You can leave your hat on

11 min read

DISCOVER Ilkley Moor

Ancient markings, alien abductions, poetic graffiti, stone circles, Victorian mindfulness, Charles Darwin in a plunge pool… and the most famous song in Yorkshire. Welcome to the beautiful and slightly bonkers world of Ilkley Moor.

PLAYING IT SAFE Nick plays along with the song by wearing his South American tarpaulin hat while exploring Ilkley Moor. It probably wasn’t the kind of hat the authors had in mind, but hey.
PHOTOS: TOM BAILEY

IT’S QUITE SURPRISING how many songs there are about hats.

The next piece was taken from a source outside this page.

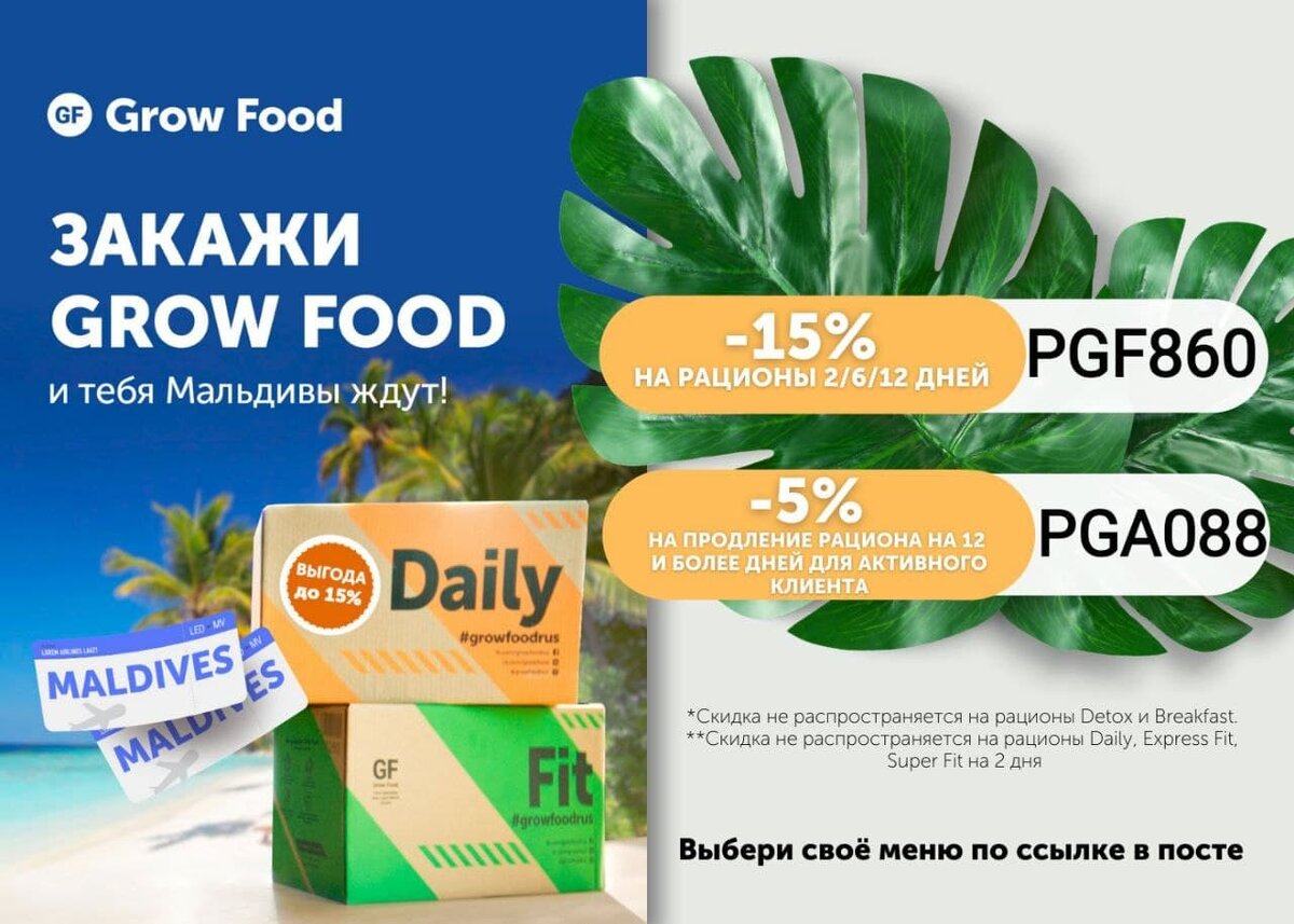 С 24.01 по 27.02 закажи Grow Food и выиграй одну из 10 поездок на Мальдивы на двоих! Скретч-карты с призами можно найти в каждой третьей коробке. Сотри защитный слой и выиграй бонусы на счет в Grow Food или поездку мечты! 📌 Скидка 15% на рационы Grow Food на 2, 6 и 12 дней по промокоду PGF860 для нового и вернувшегося клиента. 📌 Скидка 5% на рационы от 12 дней для активного клиента. ❗️ Скидка не распространяется на рационы Detox и Вreakfast, Daily, Express Fit, Super Fit на 2 дня Заказывайте по ссылке https://bit.ly/3rucYu3

All Around My Hat, You Can Leave Your Hat On, Wherever I Lay My Hat, Hold On To Your Hat, Leopard-Skin Pill-Box Hat, Raspberry Beret… I could do this all day. Probably. But when it comes to melodies of millinery, one song stands homburg and trilby above all others. It’s called On Ilkla Mooar Baht ’At, and it’s known as the unofficial anthem of Yorkshire. (Some even call it Yorkshire’s National Anthem, particularly those of the firm persuasion that Yorkshire is a nation unto itself.)

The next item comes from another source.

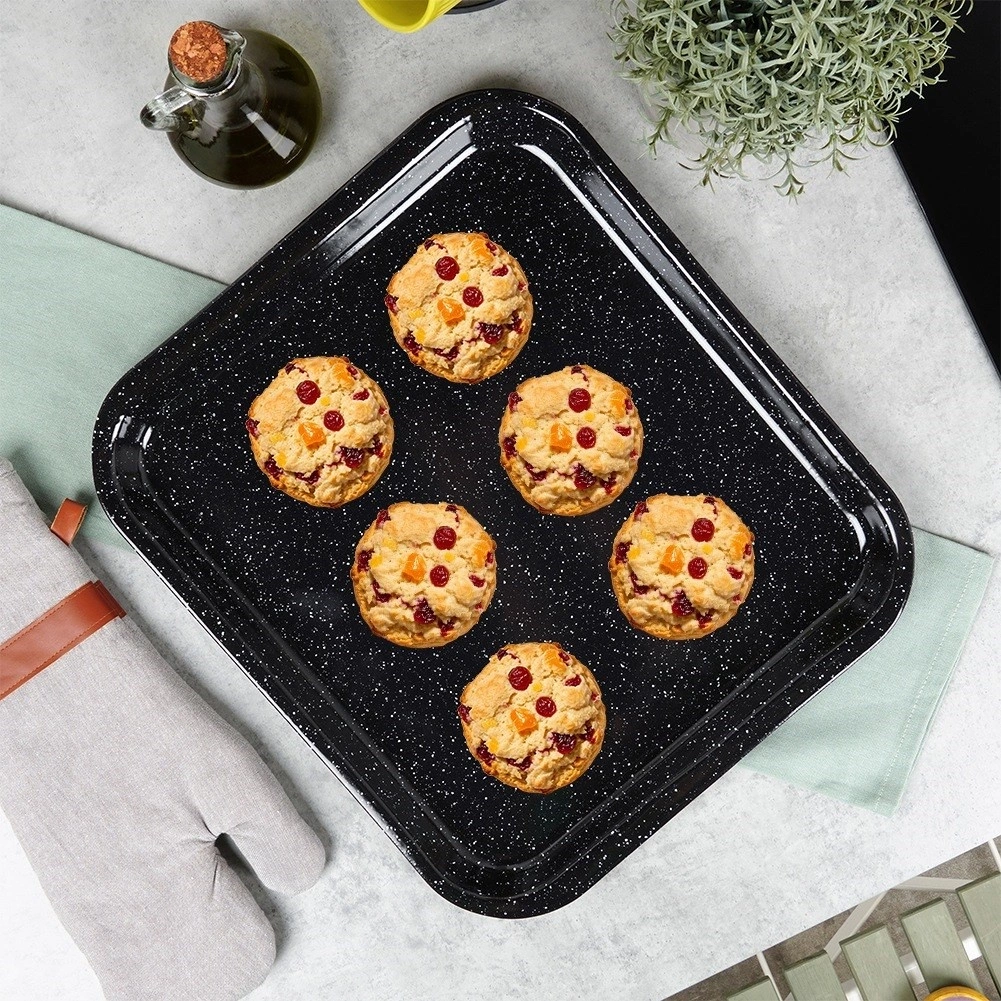 - Brytfanna wykonana ze stali emaliowanej o wymiarach 41,5 x 37 x 2,5 cm.

The title means ‘On Ilkley Moor Without a Hat’, and it’s a wondrously wry cautionary tale about the importance of wearing a hat if you set out across Ilkley Moor. Not just that, mind. It’s also a song about fooling around in the heather with someone you fancy. It’s also about mortality and transience and what Mufasa the Lion called ‘the circle of life’. And it’s about ducks. There’s a lot going on in that song.

But that’s because there’s a lot going on out on that moor, too. Ilkley Moor, whence this complex epic originates, is packed with more interest and intrigue, more history, heritage and habitat, than any upland of its comparatively

compact size has any right to boast. Stories layer this moorland, from archaeology to art; from Victorian mindfulness to (rumoured) alien abductions.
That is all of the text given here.